Problem to work on: Starting at the line that contains "Prediksi pergerakan 146,48", transcribe every remaining line of the data below exactly, and omit all pictures.

Excerpts from a dataset:
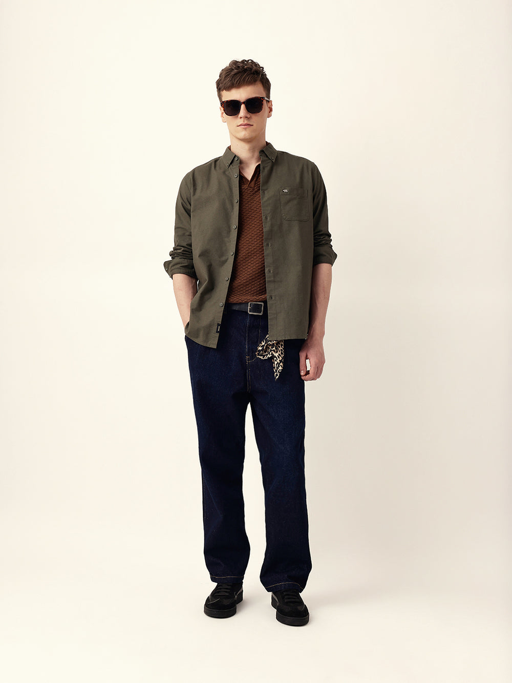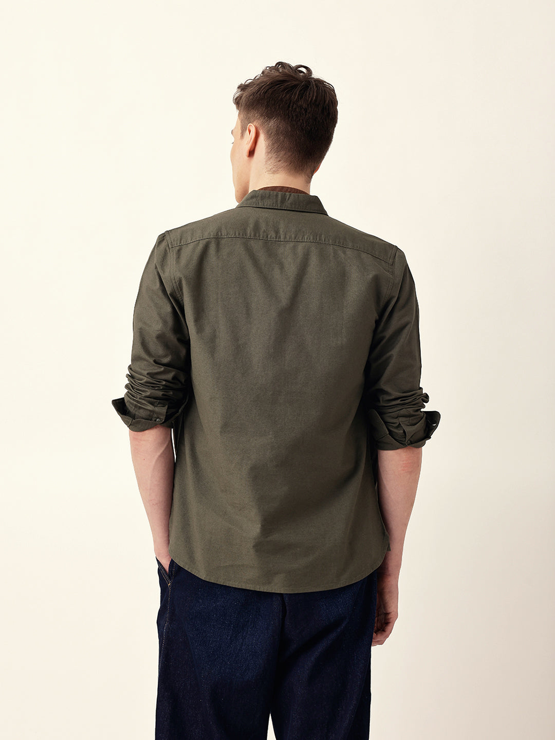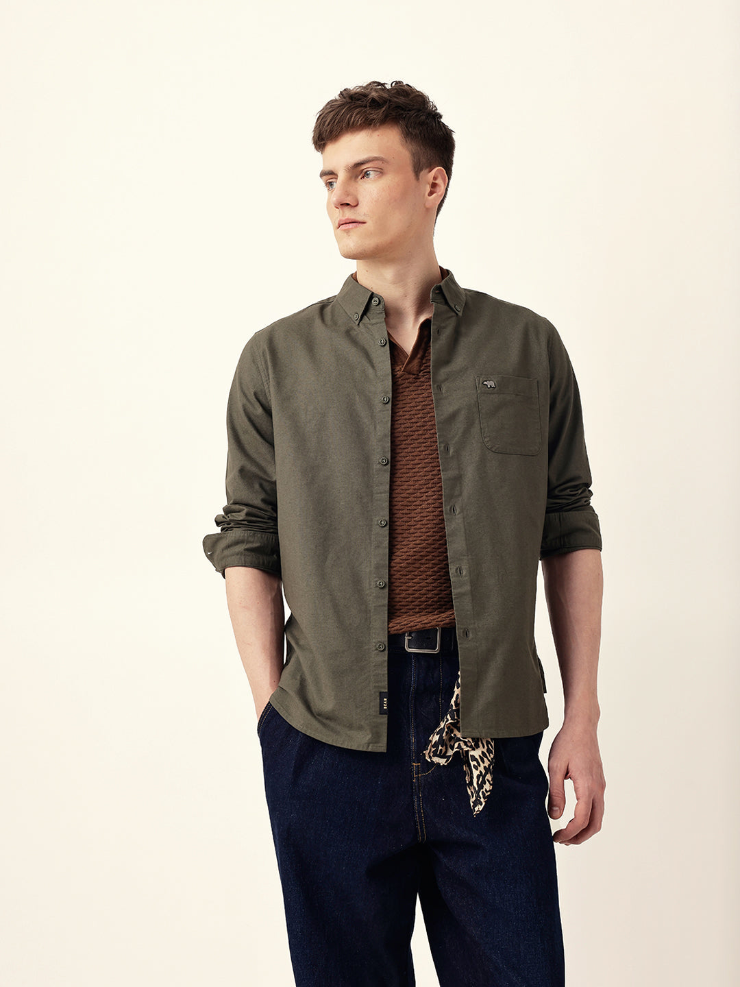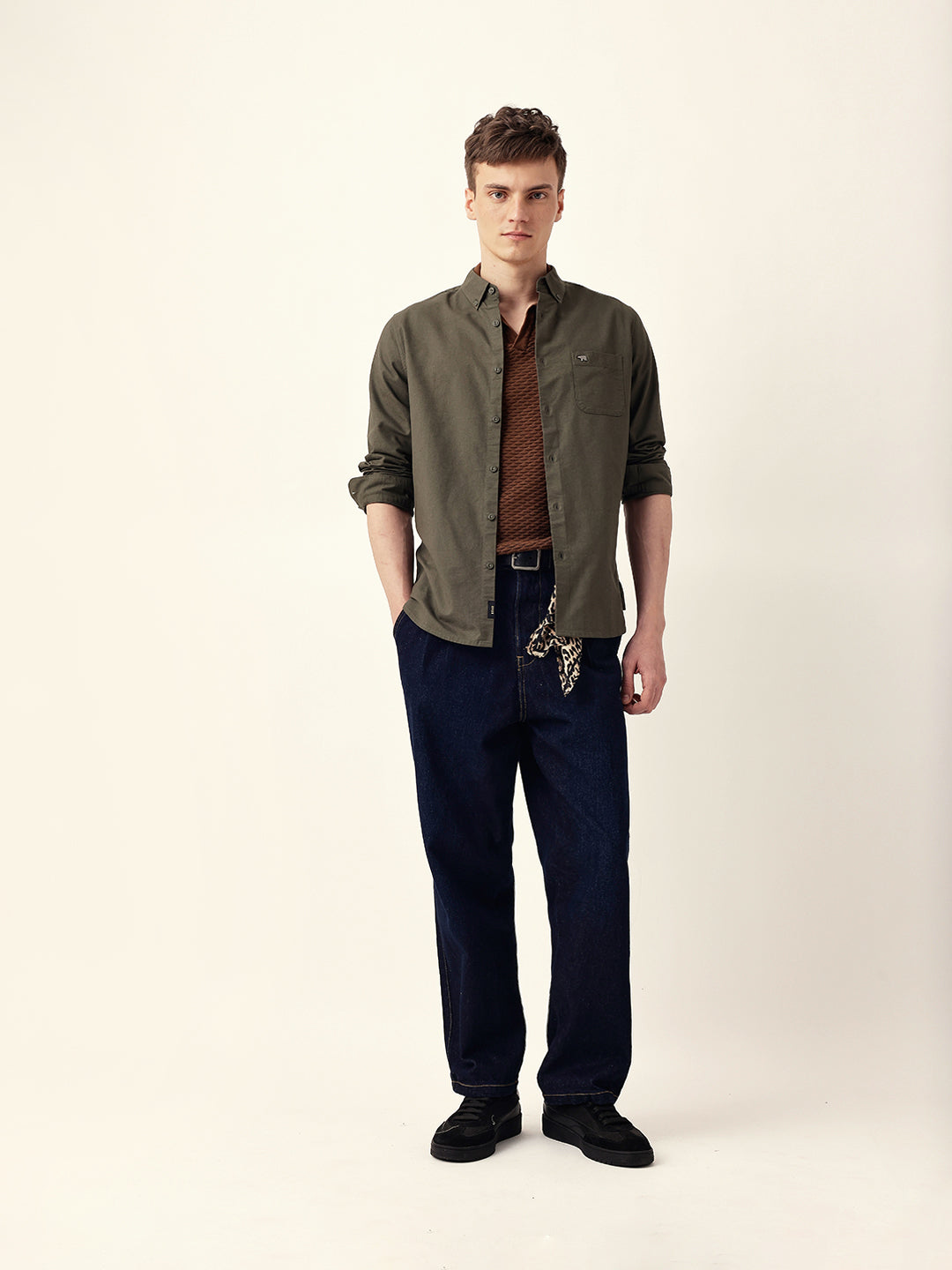 Olive Solid Cotton Slim Fit Casual Shirt with Button-Down Collar
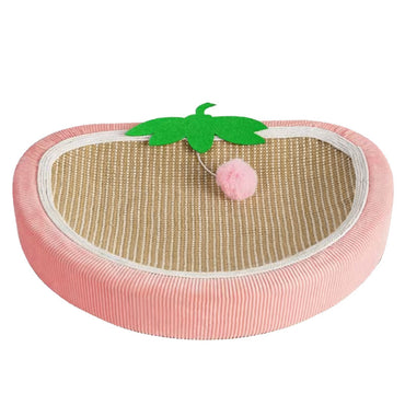 Kratzbrett Katze, Erdbeer-Sisalmatte Katzenbett mit Plüschbällen, Gebogenes Design, einen komfortablen Ort zum Kratzen & Ruhen
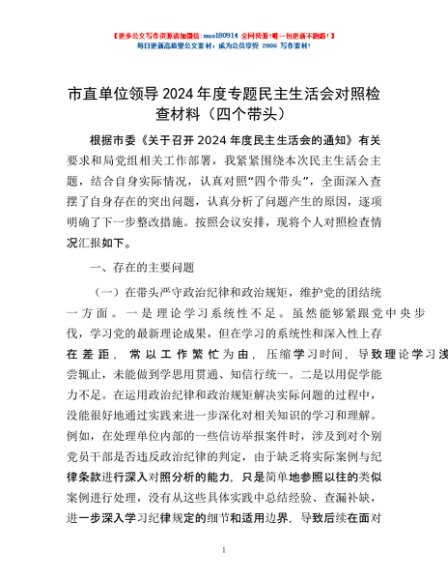 / 市直单位领导2024年度专题民主生活会对照检查材料(四个带头)
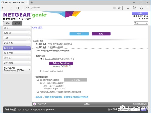 服务质量选项里,就是大名鼎鼎的硬件级QoS设置了,立即启用,再把优化数据库更新到最新。
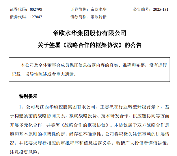 10月25日,帝欧水华发布公告称,其与江西华硕控股集团有限公司、王志洪签署《战略合作框架协议》,拟在战略投资、技术研发合作、供应链协同等领域开展多元化合作,以提升双方在陶瓷产业的核心竞争力与供应链优势。
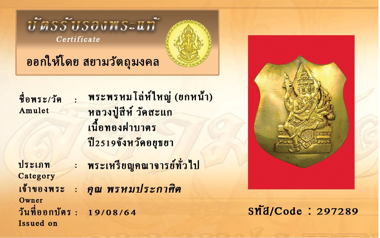 รหัสสินค้า : 297289 พระพรหมโล่ห์ใหญ่ (ยกหน้า) หลวงปู่สีห์ วัดสะแก เนื้อทองฝาบาตร ปี2519จังหวัดอยุธยา
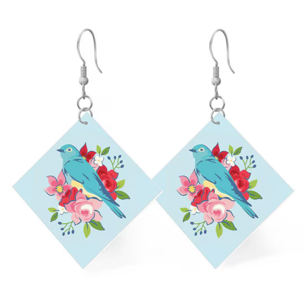 The Square Earrings by Riley Blake Designs are proudly American made by hometown artisans. They are crafted from 100% full-grain leather and are hypoallergenic. These lightweight earrings feature a bluebird. Earring size is 1" x 1". Hang is 2".
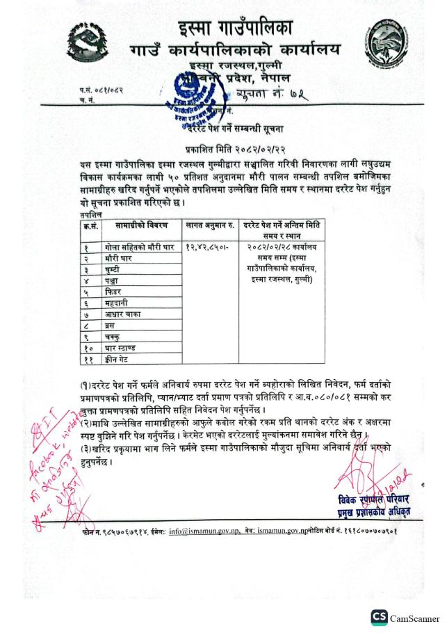 | वार्ड न. ५ इस्मा रजस्थल | झविन्द्र अर्याल | ९८५७०५७३०५ |
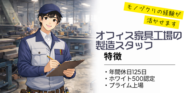 | 職種 | 年間休日125日・オフィス家具の機構部品の組み立てスタッフ |
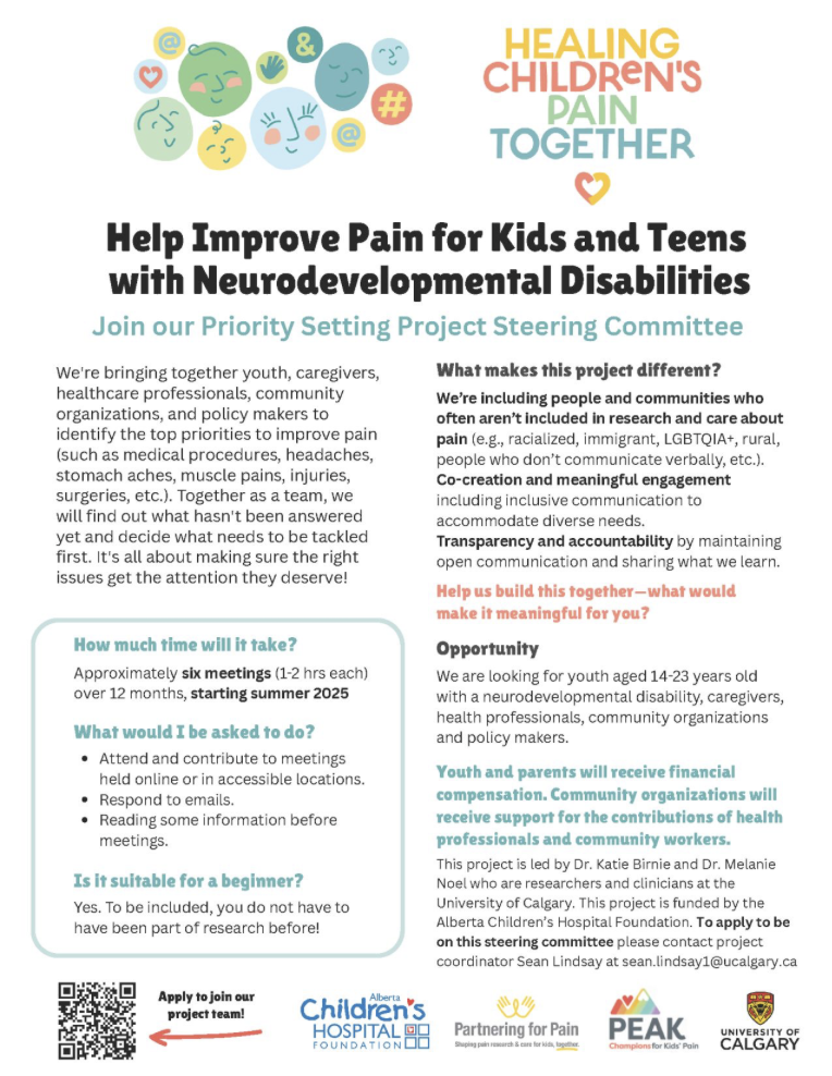 | | Join the steering committee of the Healing Children's Pain Together Priority Setting Partnership (PSP) focused on neurodevelopmental disabilities ๐ | |
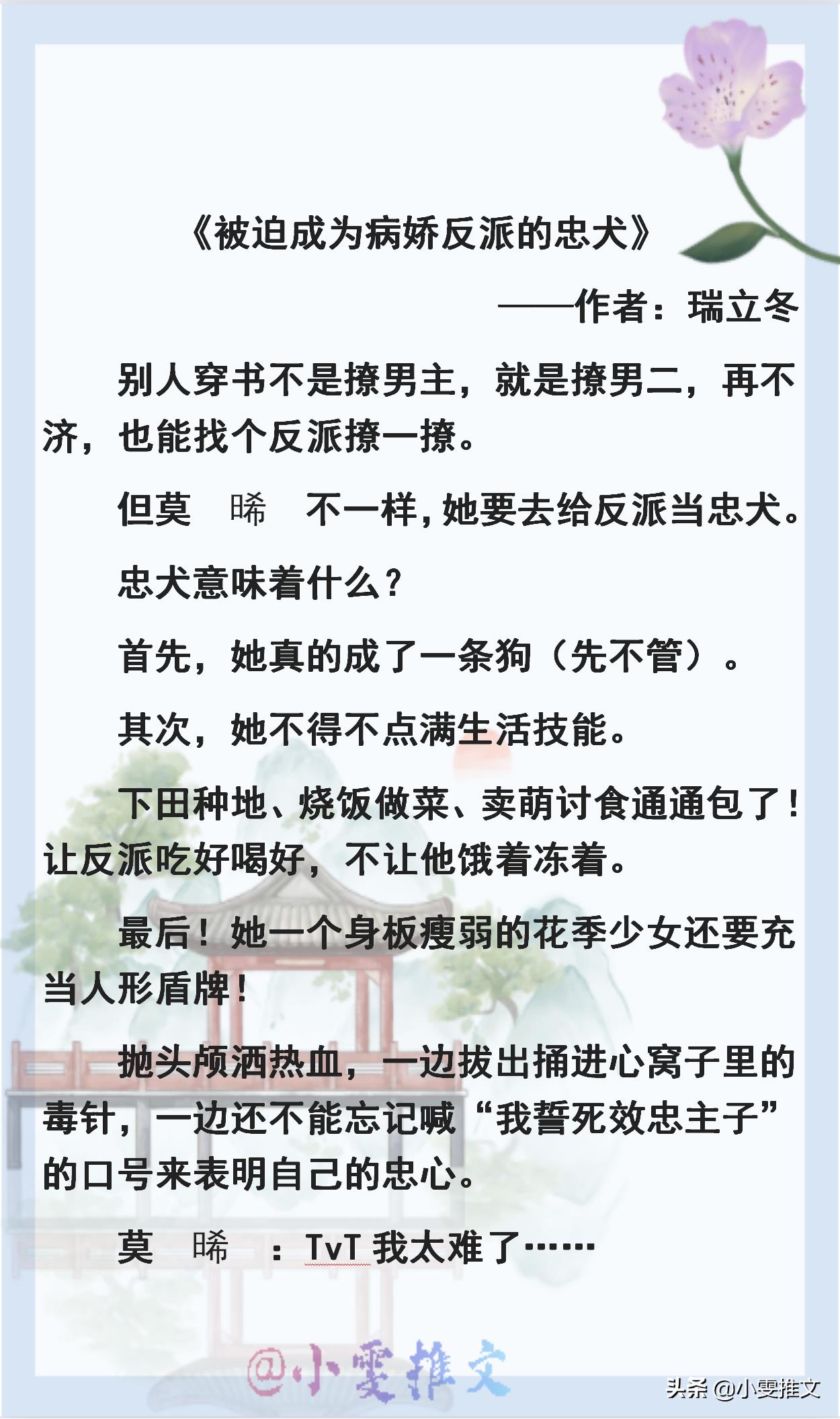 3本穿书小甜文《被迫成为病娇反派的忠犬》《虐文女配选择跑路》
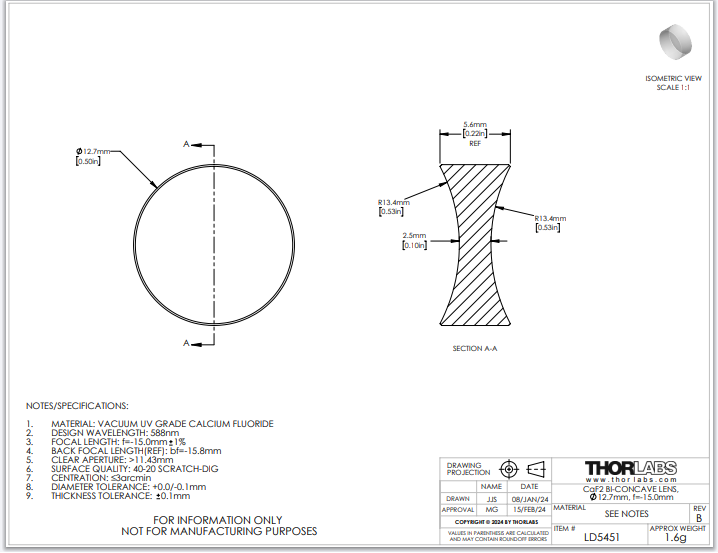 Thorlabs索雷博 LD5451 双凹透镜
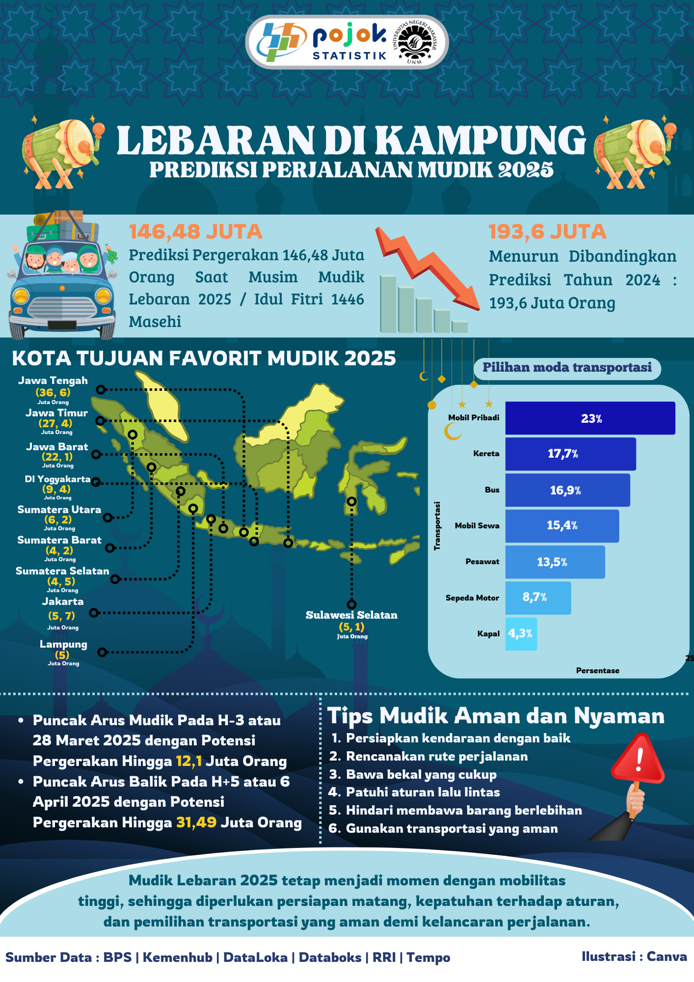 Prediksi pergerakan 146,48 juta orang saat musim mudik Lebaran 2025 / Idul Fitri 1446 Masehi. Mudik Lebaran 2025 tetap menjadi momen dengan mobilitas tinggi, sehingga...
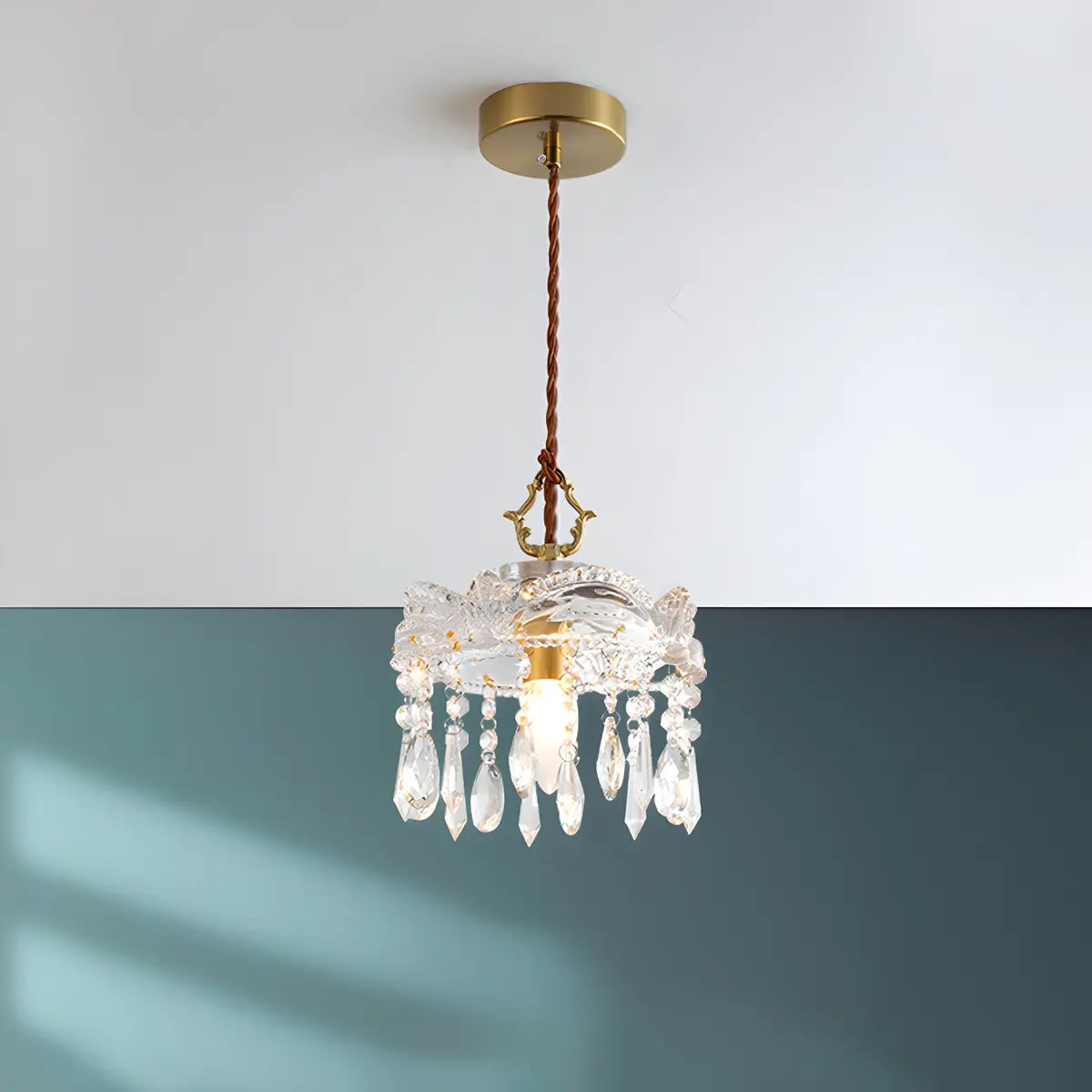 - Made of high-quality gold metal and transparent glass, it ensures durability for long-term use. The glass lampshade transmits light evenly and emits light softly, enhancing the overall atmosphere of the room and improving the visual charm.

Solution:
 Prediksi pergerakan 146,48 juta orang saat musim mudik Lebaran 2025 / Idul Fitri 1446 Masehi. Mudik Lebaran 2025 tetap menjadi momen dengan mobilitas tinggi, sehingga...
 - Made of high-quality gold metal and transparent glass, it ensures durability for long-term use. The glass lampshade transmits light evenly and emits light softly, enhancing the overall atmosphere of the room and improving the visual charm.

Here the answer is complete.